By Anna Whittaker, Local Democracy Reporter
An NHS trust has set out its plans to ensure the types of “appalling crimes” seen in the Lucy Letby case cannot be repeated within local hospitals.
Letby was found guilty of murdering seven babies and attempting to kill six others following a 10-month trial.
The former nurse deliberately injected babies with air, force fed others milk and poisoned two with insulin while working at the Countess of Chester Hospital.
Letby, the most prolific child serial killer in modern British history, was given a whole-life sentence in August.

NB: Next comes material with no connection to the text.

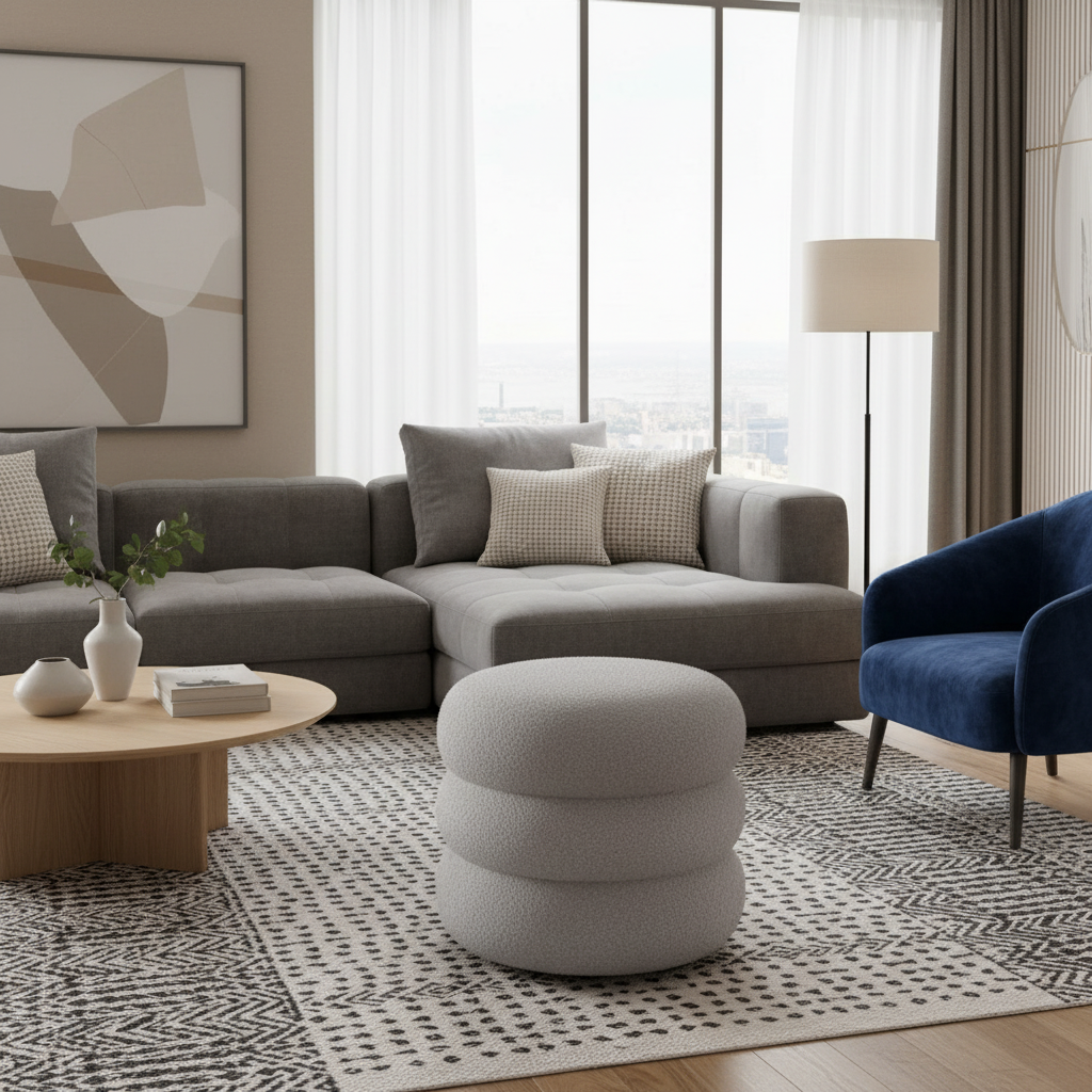 Repose Pied Salon Gris Bouclette Pouf : Design Empilé et Confortable

Now, Nottingham University Hospitals’ Trust board has discussed how it can ensure that a similar case cannot happen within the trust.
Anthony May, Chief Executive, said there was a “spotlight” on maternity and neonatal services because of the Letby case and ongoing reviews into poor maternity care locally.
He told the trust board on September 14: “The shockwaves sent through the system by what happened in the Lucy Letby case is significant and we must use it as motivation to ensure something similar couldn’t happen here.”
Since the case, medics who worked at the hospital in Chester at the time have said they felt they were ignored or discouraged when they tried to warn senior managers of earlier suspicions about Letby.
To avoid a similar risk in future, the Nottingham trust says it wants to create a “speak up culture” where staff and patients can raise concerns.
The trust says there are already three full-time ‘Freedom to Speak Up Guardians’ in place, who raise awareness about how to talk.
It is also rolling out a ‘rapid respond’ approach to incidents, so staff can take action “from the earliest opportunity”.
The organisation, which runs the Queen’s Medical Centre and City Hospital, has recently received a ‘requires improvement’ rating from the healthcare watchdog for its maternity and leadership.
This was an improvement on the previous ‘inadequate’ ratings.
The watchdog says the chair and chief executive had been “instrumental in empowering people to speak up” – but “staff did not always feel able to raise concerns without fear of retribution”.
Donna Ockenden is also currently leading the largest maternity review in NHS history into baby deaths and injuries at the trust.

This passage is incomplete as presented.